After extensive efforts to recover the stolen money, liquidators have successfully concluded their mission, with the Federal Court sanctioning a final payout to the defrauded investors.

So far, $7.3 million has been returned to victims across two separate installments, allowing them to recoup 31.4 cents on the dollar of their original investments, as detailed by barrister Nicola Bailey during a court session on Wednesday.

Justice Brigitte Markovic has approved the distribution of an additional payment, just shy of $100,000.

Caddick’s Dover Heights home. (Kate Geraghty)

This latest sum will be allocated to investors who were not eligible for a separate class action settlement, worth $3.5 million, which the court approved in April 2025.

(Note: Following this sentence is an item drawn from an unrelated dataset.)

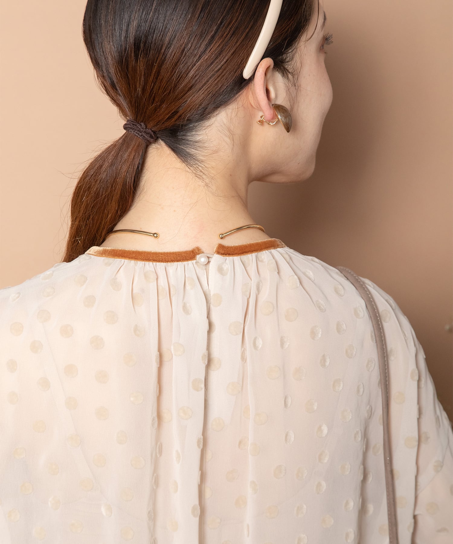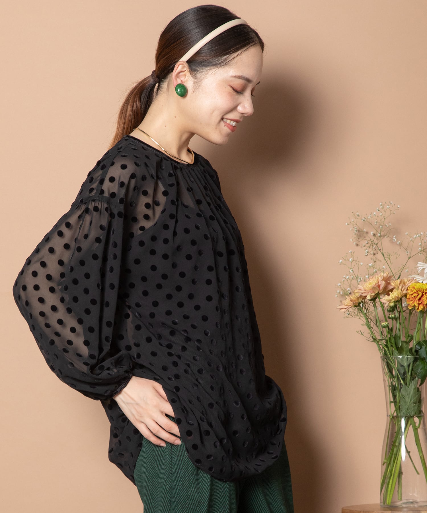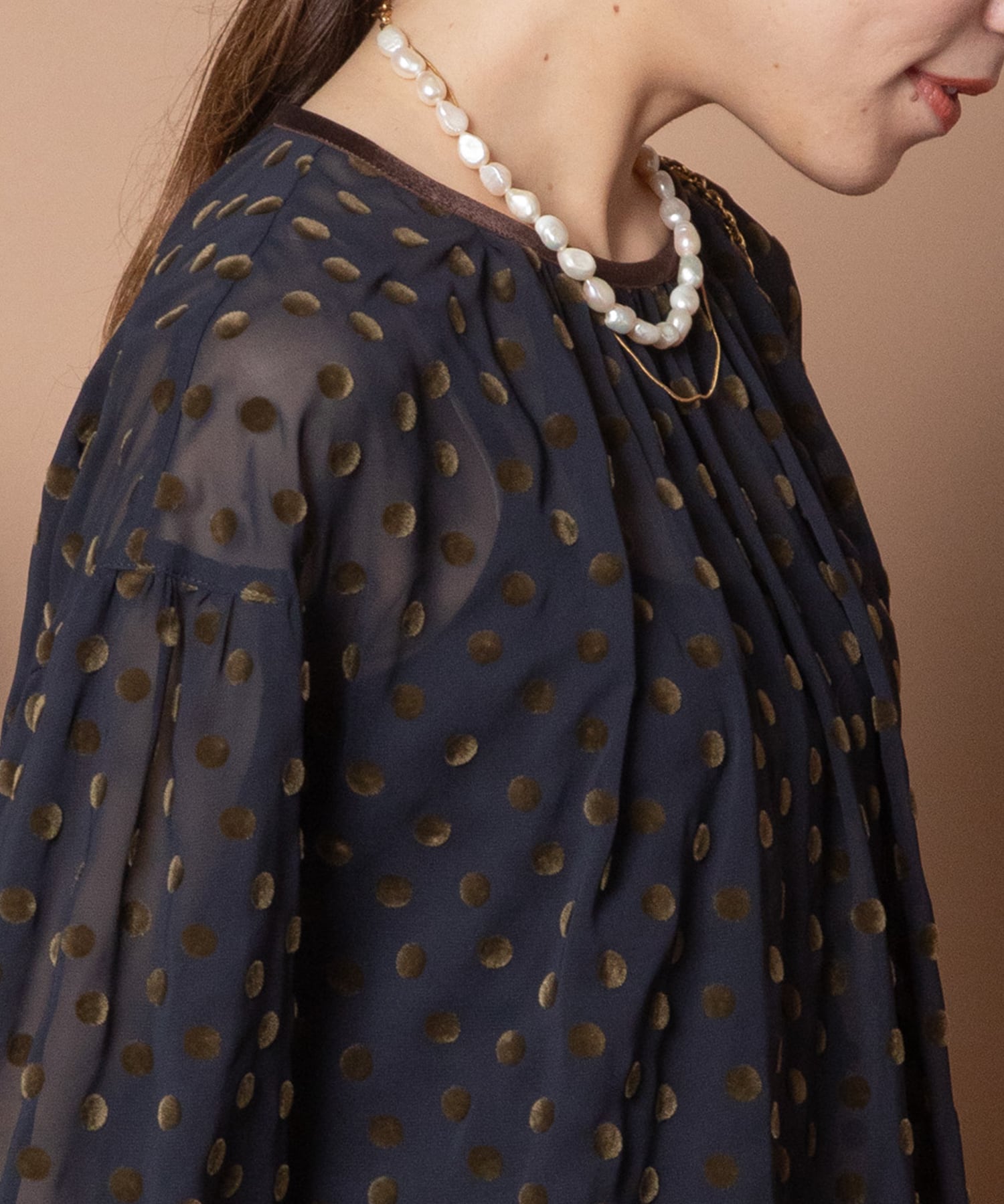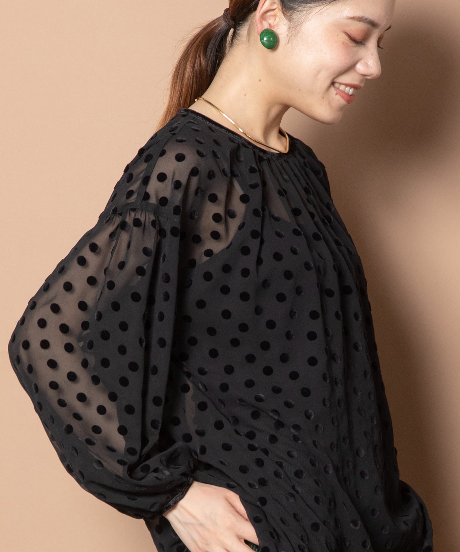 上品な可愛らしさのあるフロッキードット柄プルオーバーブラウス。表面感が特徴的なドットジャガード素材を主役に首元と袖口はベロアトリミングで上品な仕上げ。初秋にサラッと着れる一枚で決まるアイテム。
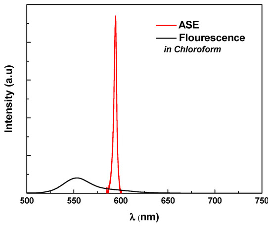 To show the amplified spontaneous emission (ASE) from the MDMO-PPV, the ASE peak must be observed at the range of its fluorescence spectra. For this purpose, the fluorescence and ASE spectra of the MDMO-PPV dissolved in chloroform, as an example, are illustrated in Figure 3. It can be clearly seen that the fluorescence spectrum has two peaks, one at 553 nm and the other close to 585 nm, and the ASE peak is located at 585 nm with narrowed 3.3 nm. This finding means that the fluorescence appears from two vibronic band transitions (0-0, 0-1) and the ASE occurs at the 0-1 transition, which is shown in the ASE from the MDMO-PPV. The existence of the ASE at the 0-1 transition rather than the 0-0 transition may be explained by a higher net gain of the 0-1 peak than that of the 0-0 peak because it is farther from the absorption edge and, therefore, has less reabsorption loss [28,29].

The class action was initiated on behalf of self-managed superannuation funds that fell victim to the fraudulent activities of the 49-year-old.

Five auditors accused of failing to identify fraudulent documents made the multimillion-dollar payout but did not admit liability.

The circumstances of Caddick’s death have never been determined. (James Brickwood)

Bailey said on Wednesday 23 of Caddick’s investors did not participate in the class action.

The liquidators from Jones Partners supported giving the extra funds solely to those who had not received a slice of the settlement, she said.

“‘(That) is the scenario which best seeks to restore the balance to the extent possible with such a small pot,” she told the court.

Investors eligible for the settlement had wished for more money from the liquidator’s pool of cash.

Anthony Koletti and Melissa Caddick.
Anthony Koletti and Melissa Caddick. (Supplied)

However, no one had objected in court to divvying up the remaining $100,000 only between non-class action investors, Bailey said.

Combining these approved funds and the class action payout, the average return to all investors is 45.5 cents to the dollar.

Justice Markovic approved a further $55,000 payment to Jones Partners to cover its work.

That amount will come out of money clawed back from selling Caddick’s assets including her homes in Edgecliff and Dover Heights in Sydney’s east and luxury items such as jewellery.

The 49-year-old engaged in “a sham or facade” using her company Maliver to transfer investor funds, Justice Markovic found in November 2021 in a separate Federal Court lawsuit brought by the Australian Securities and Investments Commission.

Maliver was used to conceal that victims’ funds were spent on Caddick’s lavish lifestyle instead of being used to buy shares for their self-managed superannuation funds, the judge said.

Coroner Elizabeth Ryan in May 2023 ruled Caddick was dead, but she was unable to determine the cause because most of her body had not been found.

The fraudster’s badly decomposed right foot, which was still attached to a running shoe, washed up on a beach on the south coast of NSW in February 2021.

Caddick’s husband Anthony Koletti was the last person to see her alive and declared her missing.

He withheld information relating to his wife’s disappearance and could not be ruled out from being involved, the coroner found.